=== Work item ===
Return the material below exactly, but only from the line with "接下來,為進(jìn)一步增" through the line with "Viper Jet EDF", and without its pictures.

=== Provided material ===

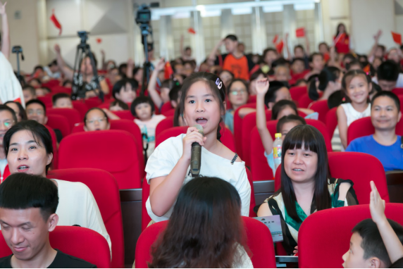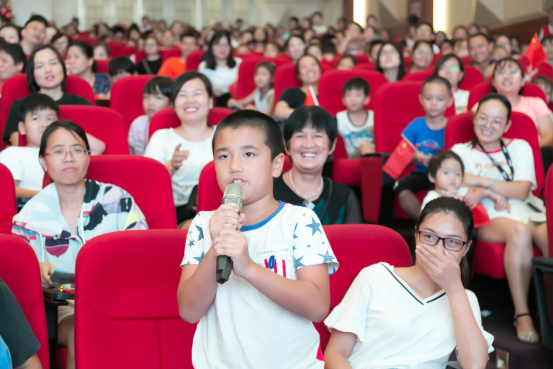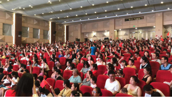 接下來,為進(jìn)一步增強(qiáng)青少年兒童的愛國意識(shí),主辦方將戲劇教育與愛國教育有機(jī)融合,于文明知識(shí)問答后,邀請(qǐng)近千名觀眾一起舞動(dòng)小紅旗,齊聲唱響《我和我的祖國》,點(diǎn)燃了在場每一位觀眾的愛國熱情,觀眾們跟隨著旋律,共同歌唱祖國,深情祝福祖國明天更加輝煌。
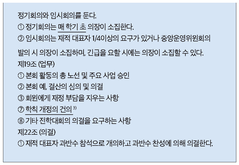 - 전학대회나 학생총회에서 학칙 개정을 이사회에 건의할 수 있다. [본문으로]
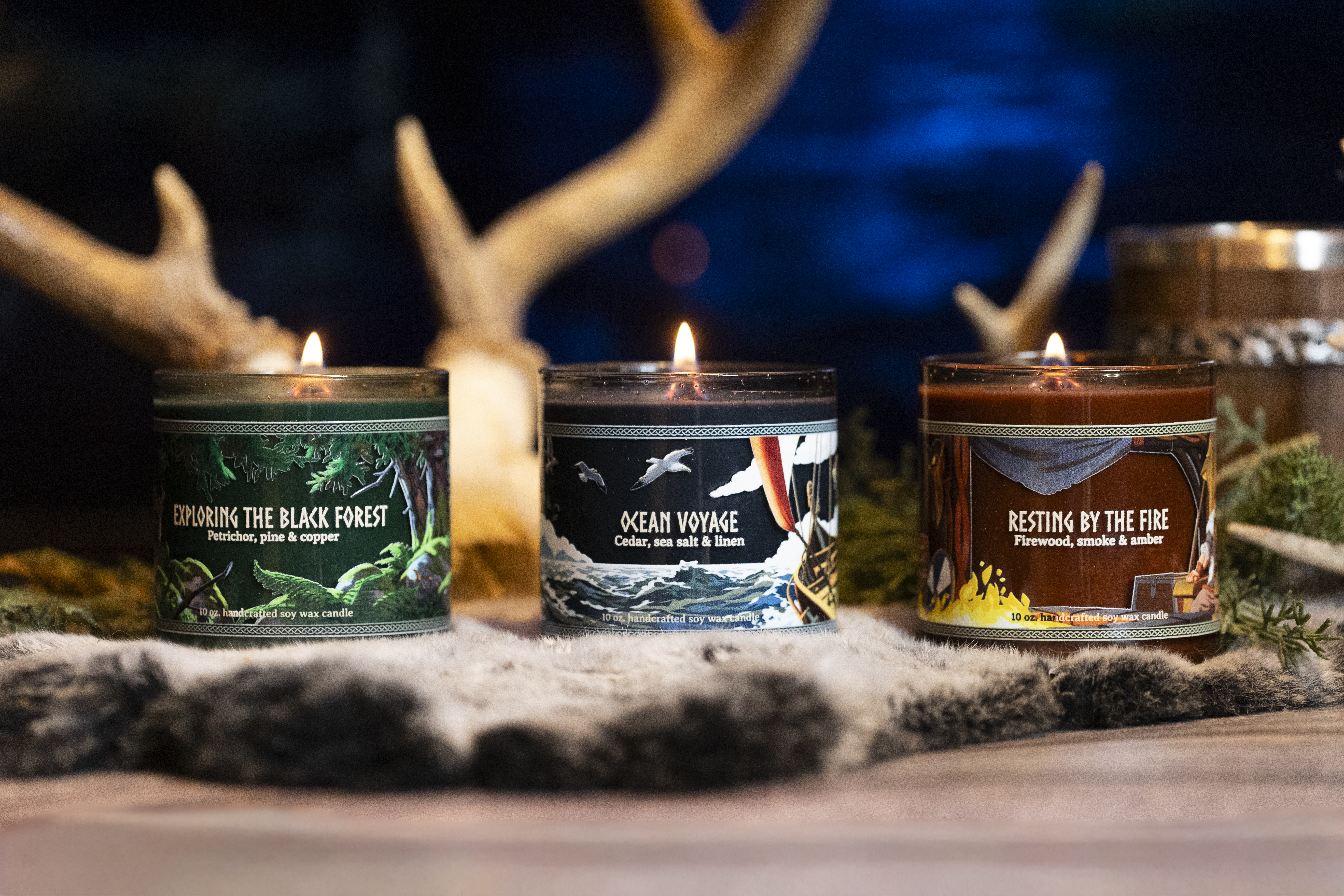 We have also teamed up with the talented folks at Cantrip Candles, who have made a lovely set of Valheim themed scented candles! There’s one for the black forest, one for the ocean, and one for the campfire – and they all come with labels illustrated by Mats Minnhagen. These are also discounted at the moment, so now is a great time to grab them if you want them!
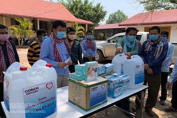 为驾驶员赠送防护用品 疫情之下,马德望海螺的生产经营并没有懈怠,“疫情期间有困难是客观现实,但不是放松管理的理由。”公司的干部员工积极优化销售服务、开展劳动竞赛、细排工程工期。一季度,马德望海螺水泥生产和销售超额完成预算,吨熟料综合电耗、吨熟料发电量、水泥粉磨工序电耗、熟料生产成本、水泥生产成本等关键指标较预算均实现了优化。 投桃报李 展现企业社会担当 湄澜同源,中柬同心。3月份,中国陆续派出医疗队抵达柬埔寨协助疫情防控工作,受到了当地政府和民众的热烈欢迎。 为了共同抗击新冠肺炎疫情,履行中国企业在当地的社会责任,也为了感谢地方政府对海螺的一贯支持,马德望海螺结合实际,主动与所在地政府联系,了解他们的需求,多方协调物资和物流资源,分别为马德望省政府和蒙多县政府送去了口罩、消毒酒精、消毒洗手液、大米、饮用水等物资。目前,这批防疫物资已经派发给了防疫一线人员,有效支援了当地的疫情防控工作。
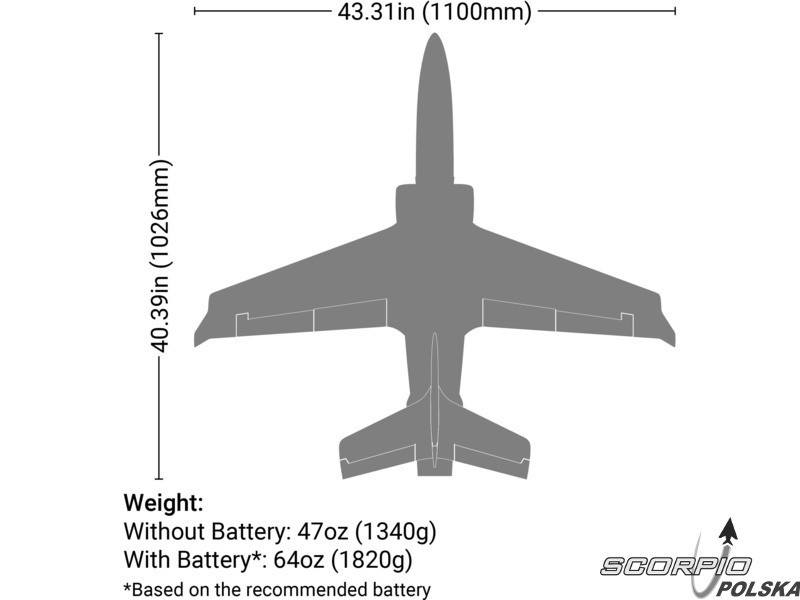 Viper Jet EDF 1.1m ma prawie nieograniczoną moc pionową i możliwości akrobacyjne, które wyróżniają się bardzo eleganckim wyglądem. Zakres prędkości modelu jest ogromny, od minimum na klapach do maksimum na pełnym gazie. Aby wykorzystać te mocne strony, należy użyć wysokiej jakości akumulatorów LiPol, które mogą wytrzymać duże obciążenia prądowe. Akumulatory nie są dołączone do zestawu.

==

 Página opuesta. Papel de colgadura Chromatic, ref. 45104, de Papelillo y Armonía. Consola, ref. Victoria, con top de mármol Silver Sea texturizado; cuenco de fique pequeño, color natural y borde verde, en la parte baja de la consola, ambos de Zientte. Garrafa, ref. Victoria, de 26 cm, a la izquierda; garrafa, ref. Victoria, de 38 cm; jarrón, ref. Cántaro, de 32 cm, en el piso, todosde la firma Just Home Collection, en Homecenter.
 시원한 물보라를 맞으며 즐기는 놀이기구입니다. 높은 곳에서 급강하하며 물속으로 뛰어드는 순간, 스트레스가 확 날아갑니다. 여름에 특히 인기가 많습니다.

=== Solved problem ===
 接下來,為進(jìn)一步增強(qiáng)青少年兒童的愛國意識(shí),主辦方將戲劇教育與愛國教育有機(jī)融合,于文明知識(shí)問答后,邀請(qǐng)近千名觀眾一起舞動(dòng)小紅旗,齊聲唱響《我和我的祖國》,點(diǎn)燃了在場每一位觀眾的愛國熱情,觀眾們跟隨著旋律,共同歌唱祖國,深情祝福祖國明天更加輝煌。
 - 전학대회나 학생총회에서 학칙 개정을 이사회에 건의할 수 있다. [본문으로]
 We have also teamed up with the talented folks at Cantrip Candles, who have made a lovely set of Valheim themed scented candles! There’s one for the black forest, one for the ocean, and one for the campfire – and they all come with labels illustrated by Mats Minnhagen. These are also discounted at the moment, so now is a great time to grab them if you want them!
 为驾驶员赠送防护用品 疫情之下,马德望海螺的生产经营并没有懈怠,“疫情期间有困难是客观现实,但不是放松管理的理由。”公司的干部员工积极优化销售服务、开展劳动竞赛、细排工程工期。一季度,马德望海螺水泥生产和销售超额完成预算,吨熟料综合电耗、吨熟料发电量、水泥粉磨工序电耗、熟料生产成本、水泥生产成本等关键指标较预算均实现了优化。 投桃报李 展现企业社会担当 湄澜同源,中柬同心。3月份,中国陆续派出医疗队抵达柬埔寨协助疫情防控工作,受到了当地政府和民众的热烈欢迎。 为了共同抗击新冠肺炎疫情,履行中国企业在当地的社会责任,也为了感谢地方政府对海螺的一贯支持,马德望海螺结合实际,主动与所在地政府联系,了解他们的需求,多方协调物资和物流资源,分别为马德望省政府和蒙多县政府送去了口罩、消毒酒精、消毒洗手液、大米、饮用水等物资。目前,这批防疫物资已经派发给了防疫一线人员,有效支援了当地的疫情防控工作。
 Viper Jet EDF 1.1m ma prawie nieograniczoną moc pionową i możliwości akrobacyjne, które wyróżniają się bardzo eleganckim wyglądem. Zakres prędkości modelu jest ogromny, od minimum na klapach do maksimum na pełnym gazie. Aby wykorzystać te mocne strony, należy użyć wysokiej jakości akumulatorów LiPol, które mogą wytrzymać duże obciążenia prądowe. Akumulatory nie są dołączone do zestawu.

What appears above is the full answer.